[Instructions for the task]:
With pictures left out, output word for word the lines from the one containing "all day long." through the end of the material below.

** Opening Exercise input block **

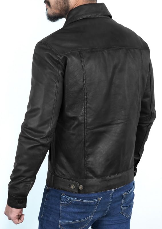 LP-FACON Mens Trucker Leather Jacket - Western Cowboy Leather Outerwear Jacket 4
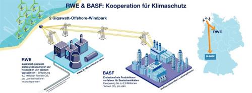 Schematische Darstellung der Kooperation zwischen Nordsee-Windpark und BASF Zur Vollansicht bitte auf die Grafik klicken Grafik: RWE |
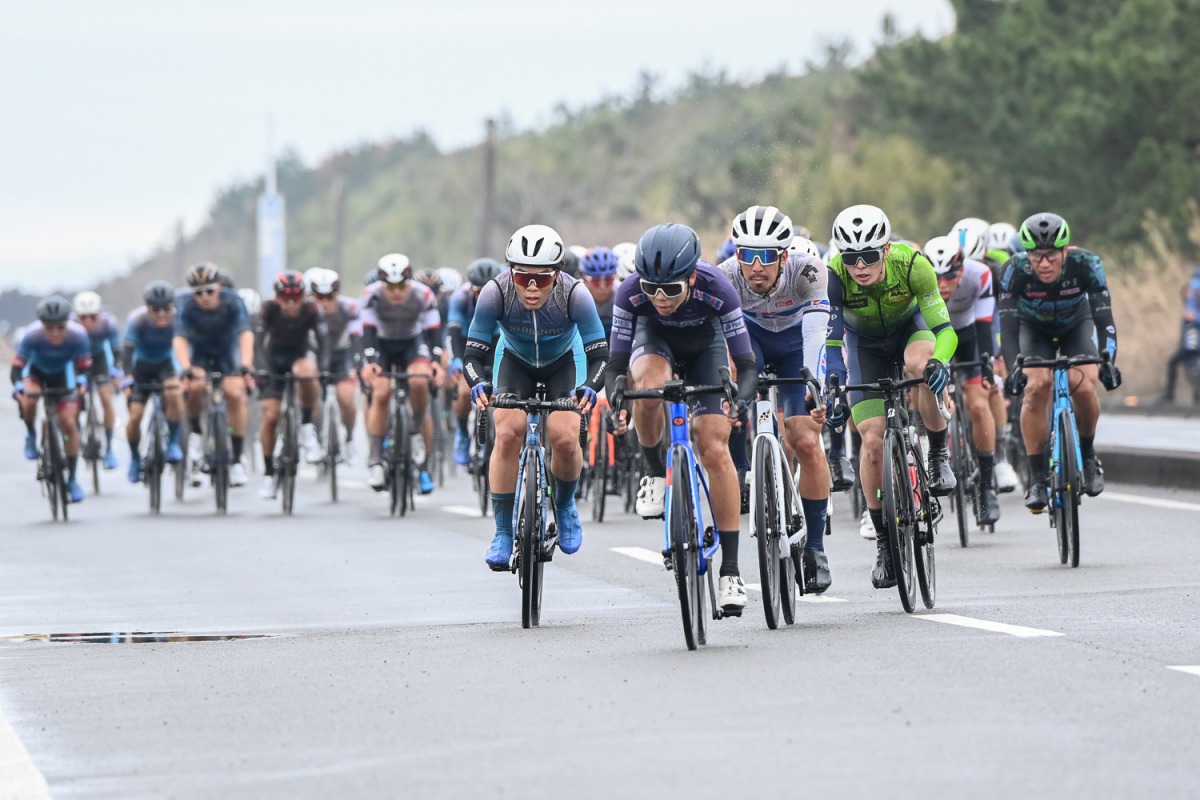 続いて25日に行われたのが志布志クリテリウム。大隅半島東側の志布志湾に面する志布志しおかぜ公園がスタート・フィニッシュ地に。L字に設定された1周2.9kmのコースを採用し20周回・58kmで争われた。全体的にはフラットなレイアウトだが、2カ所ずつのヘアピンコーナーと鋭角コーナーをどうクリアするかがポイントとなる。
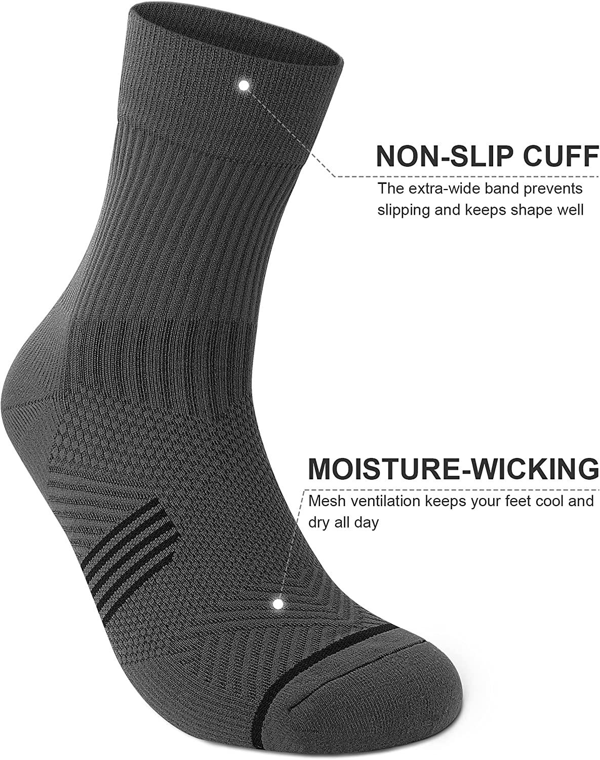 • ARCH SUPPORT & BREATHABLE: Targeted arch compression keeps your arch stable and secure, preventing sock movement and reducing injury during exercise. Our compression socks for men increase air permeability through mesh knitting technology, helping your feet keep cool and breathable all day long.
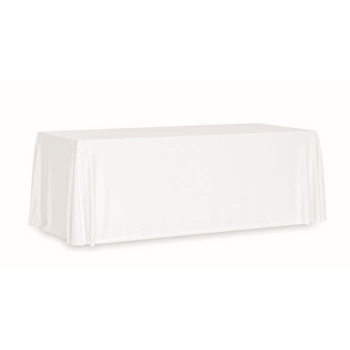 Proyecta profesionalidad y elegancia en tus eventos con un mantel rectangular de poliéster de gran tamaño (280x210 cm). Con un gramaje de 180 gr/m², este mantel es resistente y duradero, ideal para presentaciones de empresa, ferias y exposiciones. Tú lo puedes utilizar en conferencias, eventos de marketing, banquetes o fiestas, donde desees una presentación impecable. Así, tu marca se asocia con la organización, la calidad y la atención al detalle, generando una impresión positiva y duradera en tus asistentes y clientes. Es un soporte visual efectivo.

** Closing Exercise input block **

[Exercise output]:
 • ARCH SUPPORT & BREATHABLE: Targeted arch compression keeps your arch stable and secure, preventing sock movement and reducing injury during exercise. Our compression socks for men increase air permeability through mesh knitting technology, helping your feet keep cool and breathable all day long.
 Proyecta profesionalidad y elegancia en tus eventos con un mantel rectangular de poliéster de gran tamaño (280x210 cm). Con un gramaje de 180 gr/m², este mantel es resistente y duradero, ideal para presentaciones de empresa, ferias y exposiciones. Tú lo puedes utilizar en conferencias, eventos de marketing, banquetes o fiestas, donde desees una presentación impecable. Así, tu marca se asocia con la organización, la calidad y la atención al detalle, generando una impresión positiva y duradera en tus asistentes y clientes. Es un soporte visual efectivo.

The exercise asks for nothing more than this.